Minyak bumi adalah sumber daya alam (SDA) yang tak terbarukan, dan bersifat “given !
Apa yang terjadi ???
Bila minyak di bumi Amerika ludes disedot..! Minyak di Rusia terkuras
habis!.. Minyak Timur Tengah tak bersisa lagi,..Minyak di Afika tidak
tersisa,… Minyak di Indonesia… tidak menetes lagi ???
Waktu terus berjalan….Jarum jam terus berputar… dan saatnya akan tiba…mungkin tidak lama lagi ??
Sumber Daya Alam ini telah ditepi jurang kemusnahan,..tetes terakhir
cadangan akan terkuras dari perut bumi.. dan bila ini terjadi ekonomi
dunia akan chaos… bila ini terjadi…negara-negara adidaya akan saling adu
otot untuk menguasai tetes terakhir cadangan yang ada dibumi.
Beberapa pakar meramalkan.. akan terjadi dalam saat yang tak lama lagi…
Diperkirakan dalam waktu sekitar 40-50 tahun lagi, ..akan tiba waktu
terkuras habisnya minyak dari perut bumi..dan pasokan minyak akan
tamat. … bila ini terjadi…;
Afrika akan berantakan, dan jangan mengharap bantuan dari bagian bumi
lain…! Industri di Asia akan macet… tidak ada lagi ekspor… tidak ada
lagi import !! Walaupun mereka tidak terlalu khawatir,..tidak akan ada
lagi minyak yang bisa dijual di Timur Tengah, .. tidak ada lagi uang
..tidak ada keuntungan !! Peperangan akan menyulut Amerika Selatan,
untuk memperebutkan tetes terakhir deposit minya, mati-matian untuk
mengenggam aset minyak penghabisan..!!
Bagaimana dengan negara-negara superpower ?? Mereka akan saling
bertempur satu sama lain memperebutkan setiap tetes deposit minyak ;
setiap potensi sumber daya alam terakhir… Mereka akan bertempur sampai
titik darah penghabisan..memperebutkan setiap jengkal penghasil SDA
dimuka bumi ini.. mereka akan berjuang untuk mempertahankan setiap tetes
minyak yang berada dalam gengamannya.
Bagian dunia lain diterpa bencana kelaparan, adu jotos untuk sekeping
roti atau sesuap nasi,..saling bunuh untuk setetes air.. bayang bayang
itu telah terbentuk dengan sendirinya… dunia tidak akan punya arti lagi
!!
Semua ini akan terjadi, bila kita tidak mulai bertindak saat ini !!

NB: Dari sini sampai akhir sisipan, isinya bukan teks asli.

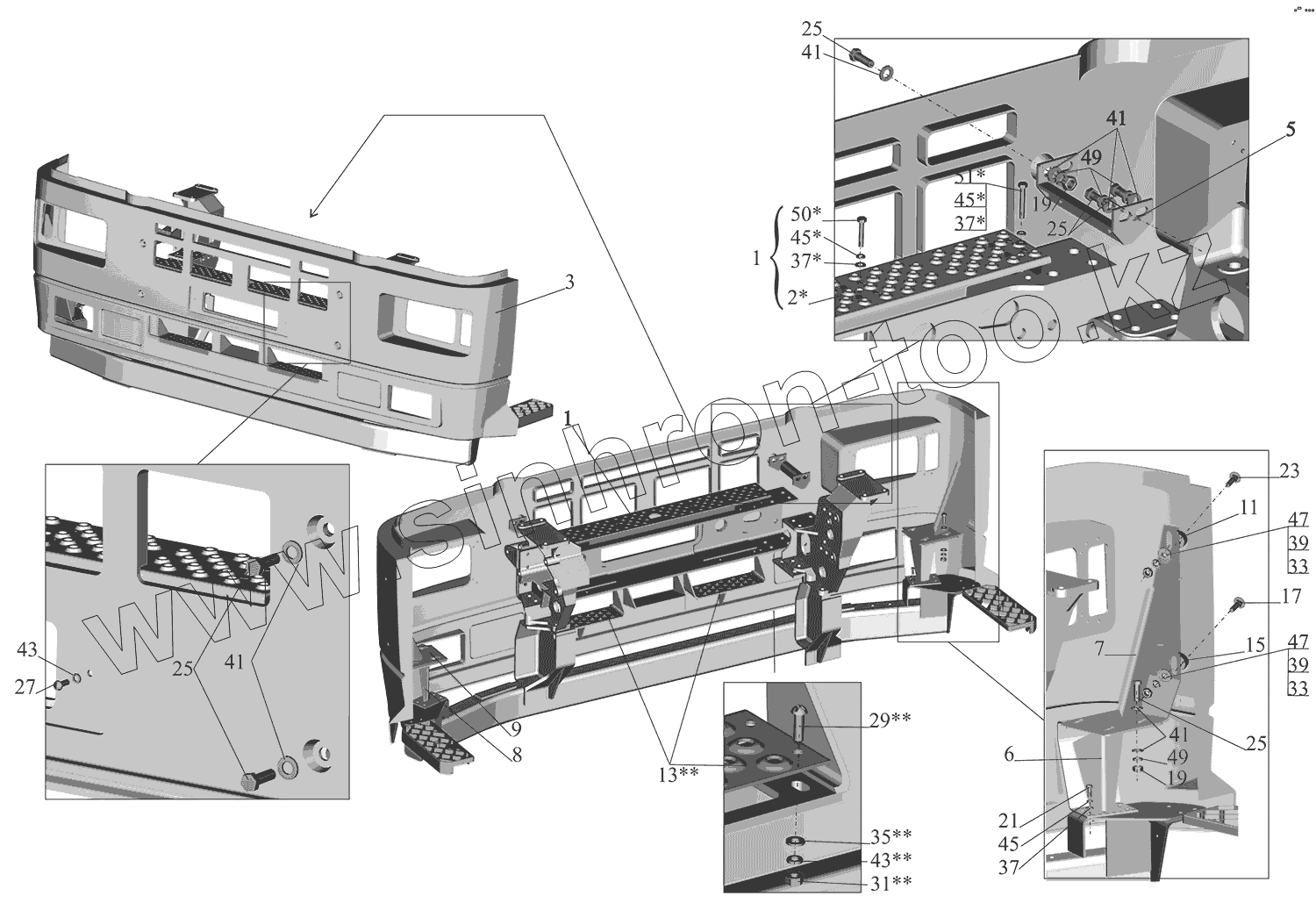 Каталог запасных частей к технике: МАЗ-651669-320 (340). Установка бампера 651608-2803006-011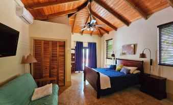 You can easily rent a car from several providers including Centerline, Avis, and Budget Rent-A-Car.About pets:No pets allowed.About checkOut:Check out before 10:00 AM.About children:Children allowed: ages 0-17.Large room adjoining 1 bedroom w. airbed/cot/crib.About customRules:A/C units must be turned off when renters leave the premises, please. We reserve the right to enter the house and turn them off, if left on..Since we live on a tropical island, water is scarce. Please use mindfully. We do not recommend consuming water from the tap in any manner.,There will be an extra fee of $25 per person/ per day on parties of more than 8..About checkIn:Check in after 4:00 PM.About smoking:Smoking is not permitted.About minBookingAge:Minimum age to rent: 25.About events:Events allowed: family gatherings, birthday parties, weddings.Maximum event attendees: 30.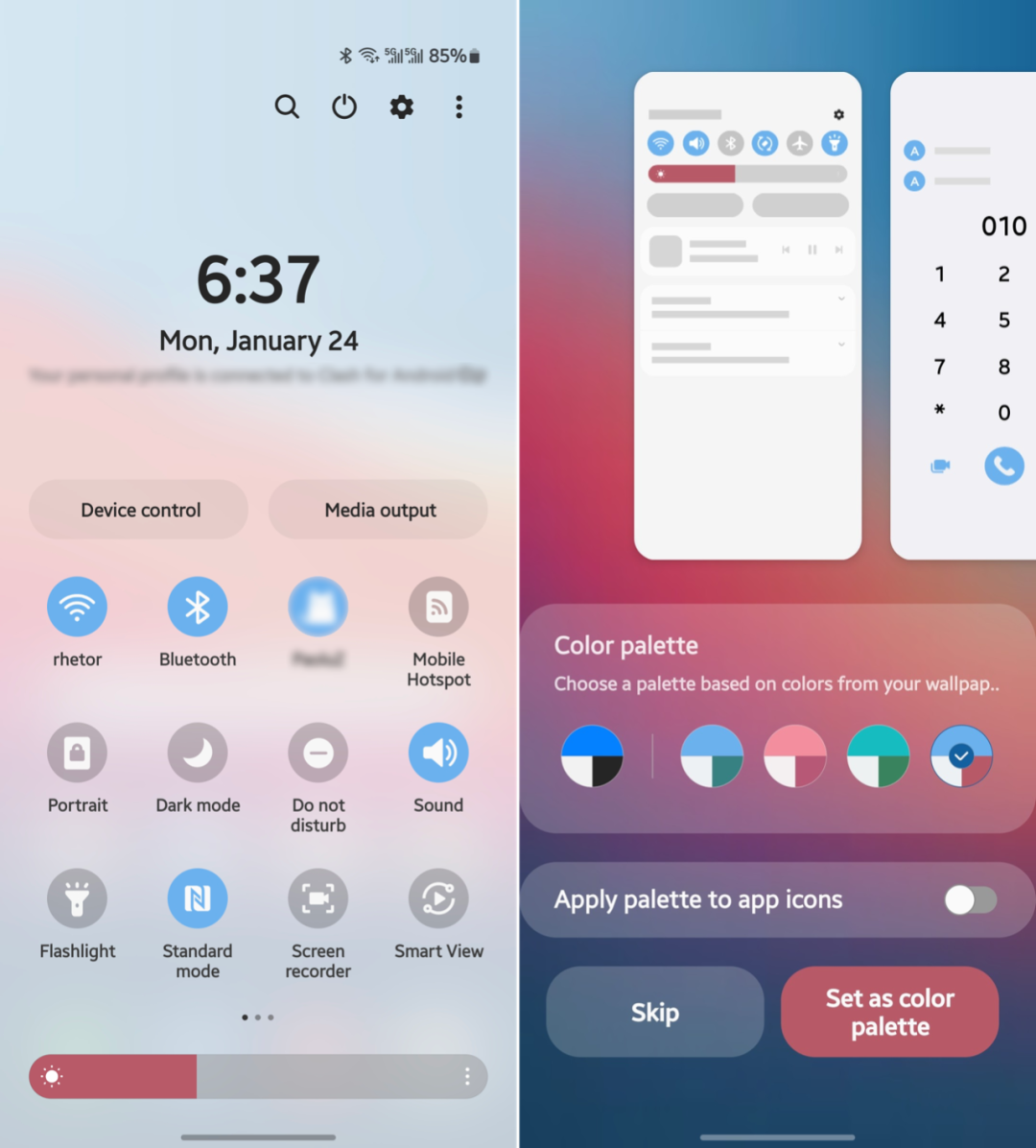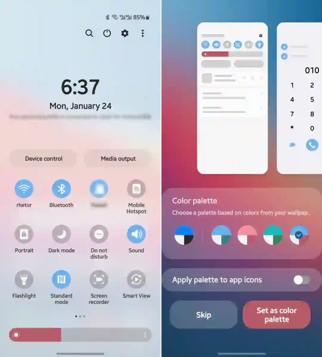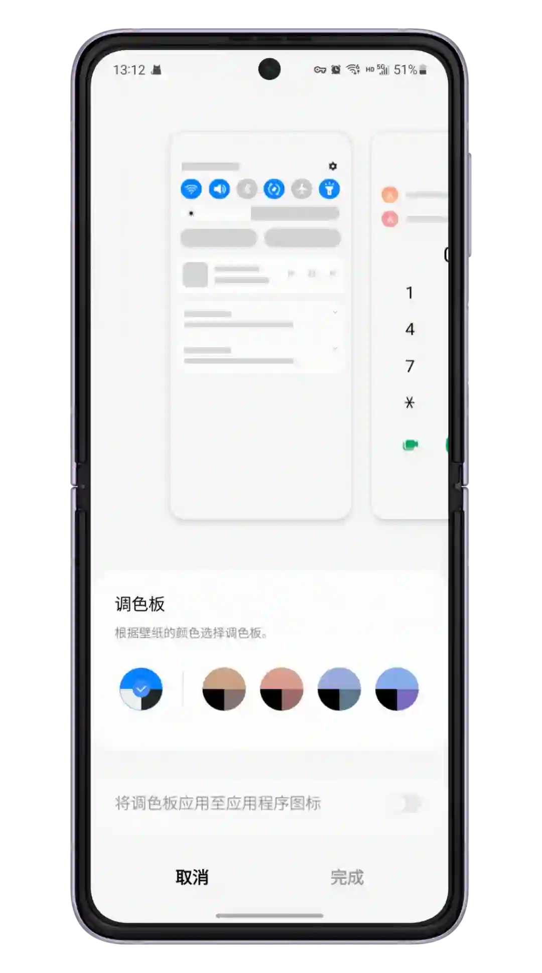 One UI 4 内置了一个名为「调色板」的功能,在设置壁纸之后会跳出提示,以自动取色的形式设置系统主题色。

Mungkin hanya tenaga matahari dan tenaga nuklir bentuk energi yang dapat menggantikan fungsi minyak bumi..
Bila kita tidak bisa melakukan kontrol diri akan kecanduan minyak… maka dialah yang akan menguasai kita..!
Fakta sejarah mengatakan bahwa perubahan peradaban selalu dipicu oleh terjadinya suatu bencana..
Kebudayaan Mataram kuno punah akibat energi yang disemburkan oleh
Merapi,..Peradaban Maya punah akibat bencana yang diakibatkan energi
keserakahan manusia untuk penguasaan sumber daya alam..
Revolusi Industri yang dipicu penemuan pemanfaatan Iron dan Coal bagi
peralatan dan penggerak mesin industri.. merubah peradaban dunia…
disamping manfaat, juga membawa kesengsaraan dengan bangkitnya semangat
imperialisme modern.
Perang Dunia 2, adalah bencana yang dahsyat, yang membawa kesengsaraan
bagi umat manusia,.. akibat nafsu keserakahan untuk penguasaan SDA dan
sumber energy.. membawa perubahan bentuk baru peradaban.
Indonesia Vs Oil
Statistik saat ini mengatakan bahwa Indonesia memiliki cadangan minyak
bumi yang terbukti (proven reserve sekitar) sekitar 3 milyar BBL
(barrel). Saat ini Indonesia memiliki kapasitas pengolahan minyak mentah
sekitar 1 juta BOPD (barrel oil per day),.. dan produksi minyak mentah
sekitar 900,000 BOPD.
Dari 900,000 BOPD yang dapat diproses oleh kilang didalam negeri hanya
sekitar 600,000 BOPD, dan untuk kekurangan pasokan kilangnya Indonesia
saat ini impor minyak mentah sekitar 400,000 BOPD.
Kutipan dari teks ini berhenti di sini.